Exercise: Pictures are to be left out, and only the lines below starting at the one with "Volage bed, from" and ending at the one with "Oceanica Spa Signature" are to be reproduced, each exactly, both ends included.

Records provided:

# # # # # # #

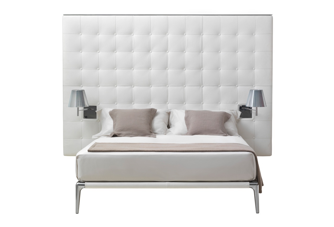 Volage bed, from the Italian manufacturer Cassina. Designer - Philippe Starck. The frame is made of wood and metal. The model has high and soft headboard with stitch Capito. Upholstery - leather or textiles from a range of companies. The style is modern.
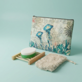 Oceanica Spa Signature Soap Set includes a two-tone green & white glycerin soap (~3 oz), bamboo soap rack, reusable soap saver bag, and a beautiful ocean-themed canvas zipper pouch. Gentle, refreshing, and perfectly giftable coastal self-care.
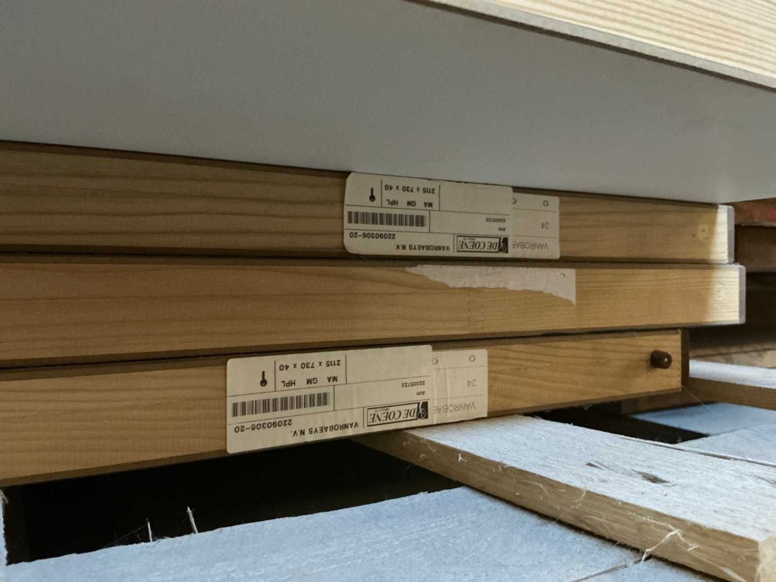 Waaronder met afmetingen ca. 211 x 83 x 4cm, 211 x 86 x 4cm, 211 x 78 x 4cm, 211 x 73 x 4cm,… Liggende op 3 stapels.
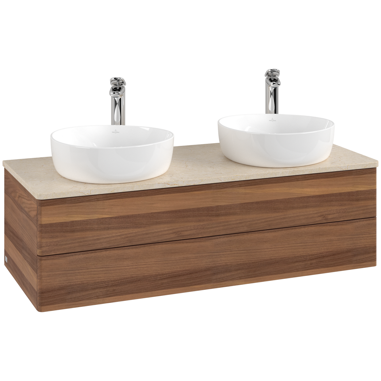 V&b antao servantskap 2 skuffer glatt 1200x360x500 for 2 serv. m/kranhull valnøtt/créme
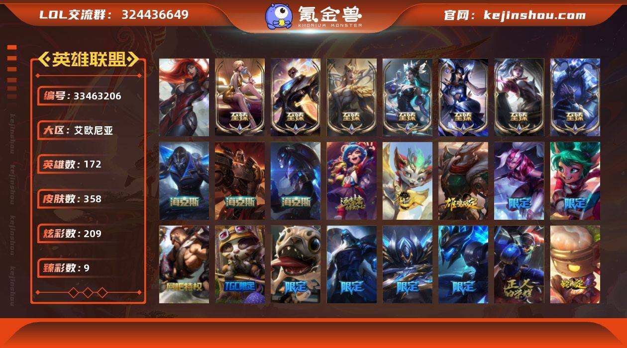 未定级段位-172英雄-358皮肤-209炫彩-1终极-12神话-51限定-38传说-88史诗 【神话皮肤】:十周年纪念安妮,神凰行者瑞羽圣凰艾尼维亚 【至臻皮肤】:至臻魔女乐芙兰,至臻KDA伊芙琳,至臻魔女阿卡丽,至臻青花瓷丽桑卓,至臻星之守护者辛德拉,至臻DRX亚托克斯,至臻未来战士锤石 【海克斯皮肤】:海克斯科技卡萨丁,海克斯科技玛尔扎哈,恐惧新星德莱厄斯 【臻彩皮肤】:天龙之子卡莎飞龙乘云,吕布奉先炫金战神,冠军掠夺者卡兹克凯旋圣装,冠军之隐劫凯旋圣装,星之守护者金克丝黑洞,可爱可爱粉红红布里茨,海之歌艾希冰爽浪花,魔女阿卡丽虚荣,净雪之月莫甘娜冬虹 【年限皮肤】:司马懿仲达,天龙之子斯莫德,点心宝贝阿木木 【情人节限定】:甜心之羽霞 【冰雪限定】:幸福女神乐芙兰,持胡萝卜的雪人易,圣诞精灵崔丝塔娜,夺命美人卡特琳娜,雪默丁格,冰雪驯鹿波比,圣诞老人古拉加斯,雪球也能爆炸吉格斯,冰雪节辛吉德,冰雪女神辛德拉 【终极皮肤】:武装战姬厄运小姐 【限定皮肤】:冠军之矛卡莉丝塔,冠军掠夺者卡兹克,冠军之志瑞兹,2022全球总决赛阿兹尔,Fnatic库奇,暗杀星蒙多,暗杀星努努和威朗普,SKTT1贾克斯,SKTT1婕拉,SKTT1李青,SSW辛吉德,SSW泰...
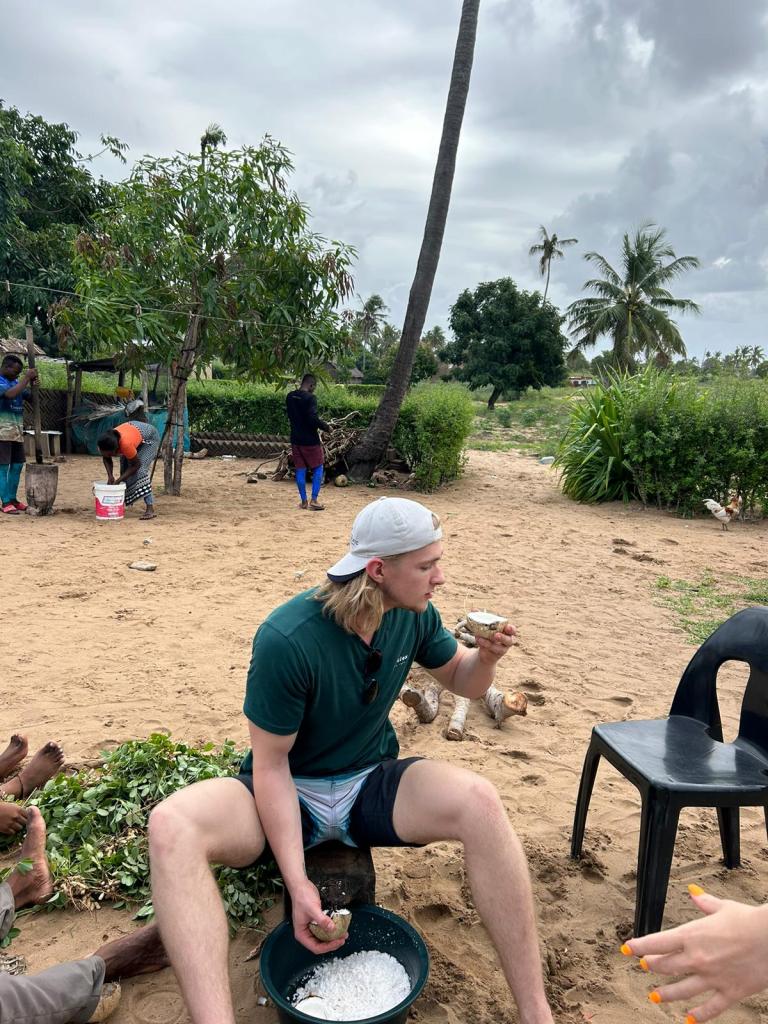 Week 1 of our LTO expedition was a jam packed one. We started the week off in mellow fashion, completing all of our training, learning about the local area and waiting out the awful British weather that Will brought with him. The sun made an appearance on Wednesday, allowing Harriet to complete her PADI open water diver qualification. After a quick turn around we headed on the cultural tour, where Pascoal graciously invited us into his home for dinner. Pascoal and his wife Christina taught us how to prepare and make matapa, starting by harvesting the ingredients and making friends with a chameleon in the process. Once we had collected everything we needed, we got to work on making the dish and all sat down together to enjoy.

# # # # # # #

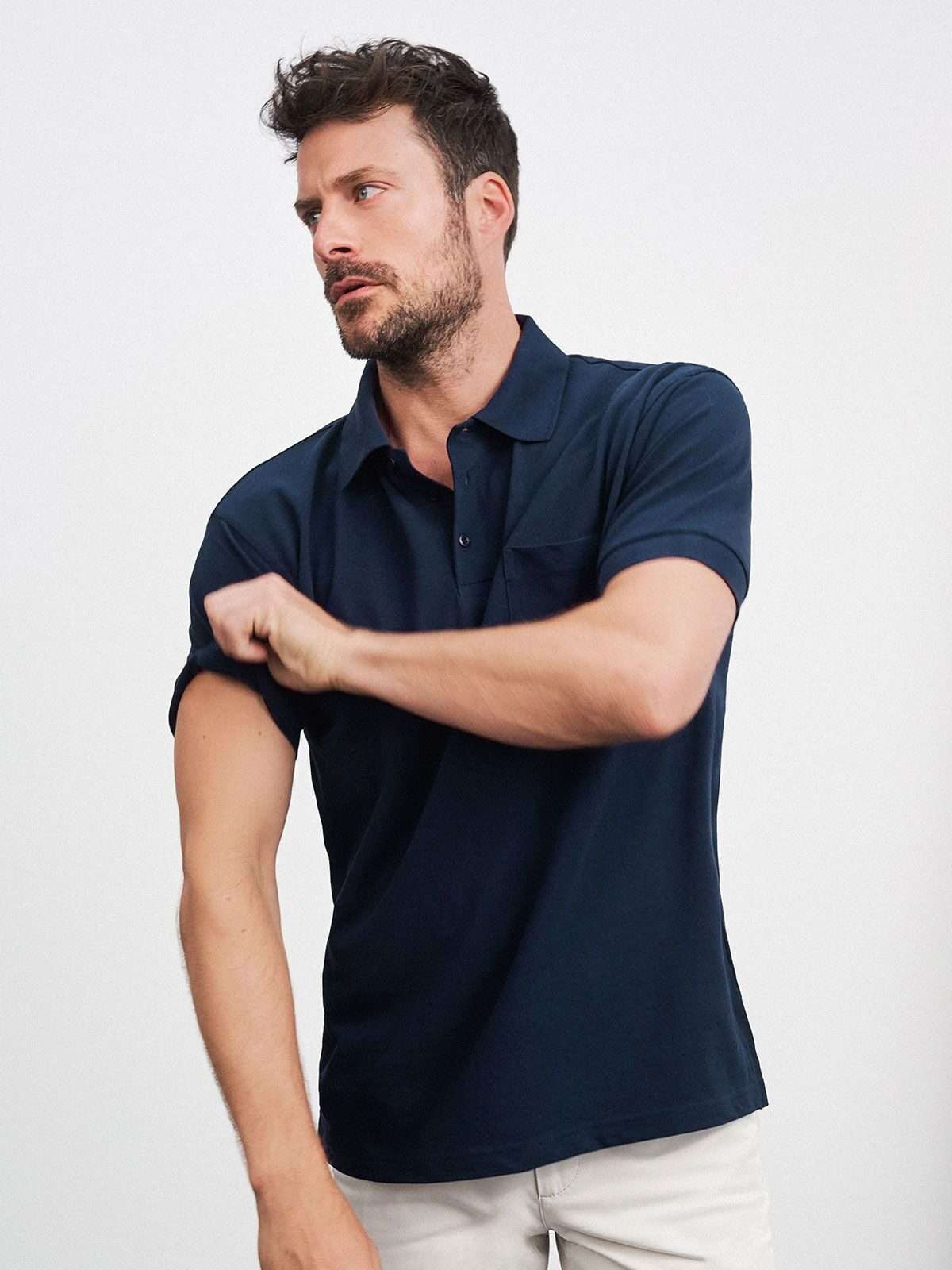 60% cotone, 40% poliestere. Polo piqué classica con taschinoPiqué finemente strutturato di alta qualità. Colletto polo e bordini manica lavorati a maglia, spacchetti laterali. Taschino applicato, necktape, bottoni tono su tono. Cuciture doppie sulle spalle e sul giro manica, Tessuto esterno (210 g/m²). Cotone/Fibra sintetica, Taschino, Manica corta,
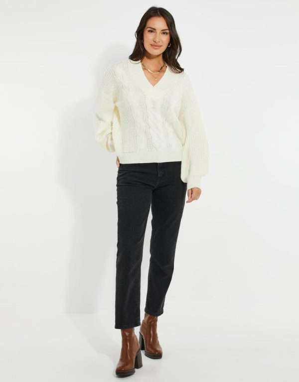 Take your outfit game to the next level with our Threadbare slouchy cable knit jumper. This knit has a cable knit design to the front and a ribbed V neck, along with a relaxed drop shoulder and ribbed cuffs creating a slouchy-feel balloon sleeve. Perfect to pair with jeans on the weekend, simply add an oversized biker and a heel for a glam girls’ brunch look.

# # # # # # #

Solution to this exercise:
 Volage bed, from the Italian manufacturer Cassina. Designer - Philippe Starck. The frame is made of wood and metal. The model has high and soft headboard with stitch Capito. Upholstery - leather or textiles from a range of companies. The style is modern.
 Oceanica Spa Signature Soap Set includes a two-tone green & white glycerin soap (~3 oz), bamboo soap rack, reusable soap saver bag, and a beautiful ocean-themed canvas zipper pouch. Gentle, refreshing, and perfectly giftable coastal self-care.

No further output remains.